While I take that as a sincere belief, somewhere deep inside of me is a worry that we are being overly generous to ourselves at the expense of badly needed self-reflection. The atrocity of this past weekend committed by one of our own raises a lot of very difficult questions that we need to address as a community and maybe even as a nation. If what we learn in the coming days bears out the reporting immediately following the shooting, Mateen had some issues that have existed in the Afghan-American community for a while but that we’ve had difficulty confronting.

Chief among those is his apparent homophobia. Mateen’s actions on Sunday were tragic, shocking, and seem to have been driven by a deep and unforgivable hatred for the LGBTQ community. Whether his hatred was rooted in his religious beliefs, his self-loathing, or his fear is beside the point. What’s relevant is that his attack targeted a particular group, at a particular time, in a very particular place. That, I think, tells us all we need to know about his intentions.

As far as we know right now, Mateen acted alone. It would be irresponsible and unfair of me to assign ownership of the hate he displayed in Orlando to anyone other than himself. It would be equally irresponsible of me as an ally, however, not to own up to the homophobia I've witnessed in my own community, which, while subtle, is harmful nonetheless.

It’s something we’ve needed to face but have avoided, instead finding hollow vindication for our views in the fact that they are shared by so much of the American public. Many in my family, as extraordinary as they have been in their kindness and generosity toward my gay and lesbian friends, are a prime example of this. Always polite, always espousing their open-mindedness, but ultimately withholding what may matter most: acceptance. It’s a conversation that my wife and I keep starting with my parents, particularly as we get ready to welcome our first child, but it’s one that has yet to finish. On this issue, I feel like our community has largely aligned itself with bigots instead of becoming allies to those who share in our experience of otherness and need our support. We’ve been passive, we’ve been disingenuous, and we’ve been selling ourselves the dangerous lie that LGBTQ Afghan-Americans don’t have a place among us.

Of course, there are other issues that have been alluded to in the early media coverage about Mateen’s past and background that I think may warrant further soul-searching by our community. Reports have emerged about Mateen’s alleged violence against his former wife, his potentially disturbed past, and his religious leanings. While none of those things, even if confirmed, could serve to adequately explain why he did what he did, they highlight additional areas — domestic abuse, mental and emotional health, and misguided faith — in which we’ve allowed closed doors to serve as fig leaves.

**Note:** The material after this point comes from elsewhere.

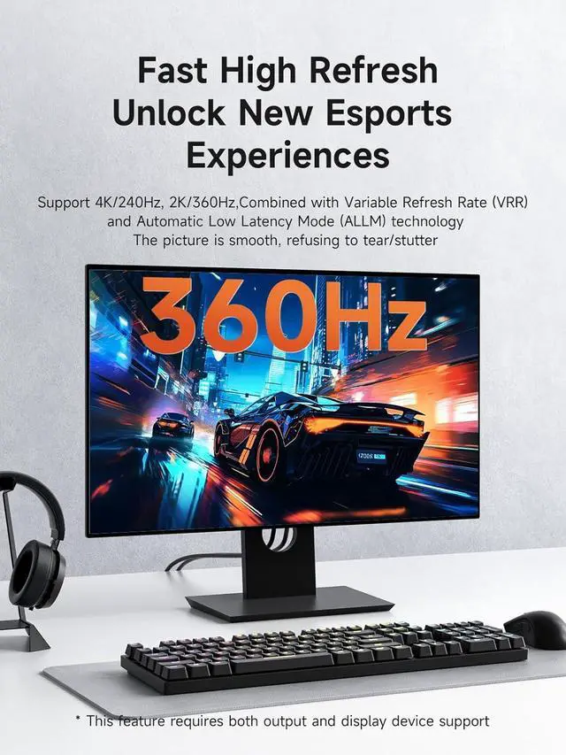 High Refresh Rate: Hagibis Mini DP to DP Cable offers a gamer-friendly refresh-rate with support for (4K@240Hz, 2K@360Hz) and delivers high-resolution up to 8K (7680x4320@60Hz), making it an optimal choice for a smoother, seamless gaming experience

All of this has to change.

While Mateen was not who we are as Afghan-Americans, knowing and saying that without working against what he stood for and what he sought to convey through his actions just isn’t good enough. That’s an uncomfortable truth that it’s time we accept. In Mateen, the world saw the worst of what our community and our nation has to offer. He brought darkness, fear, and hate to a place of light, security, and love. He cast disrepute and suspicion on his family and a population already suffering from undue distrust. And, perhaps most damagingly, he struck at a time when demagogues, both here and abroad, are arguing that we’re all better off abandoning the notion that it’s possible to have places in this world that are at once peaceful, prosperous, and pluralistic. We cannot let that be where this tragedy leads us.

We are better than that. We can do better than that. We must.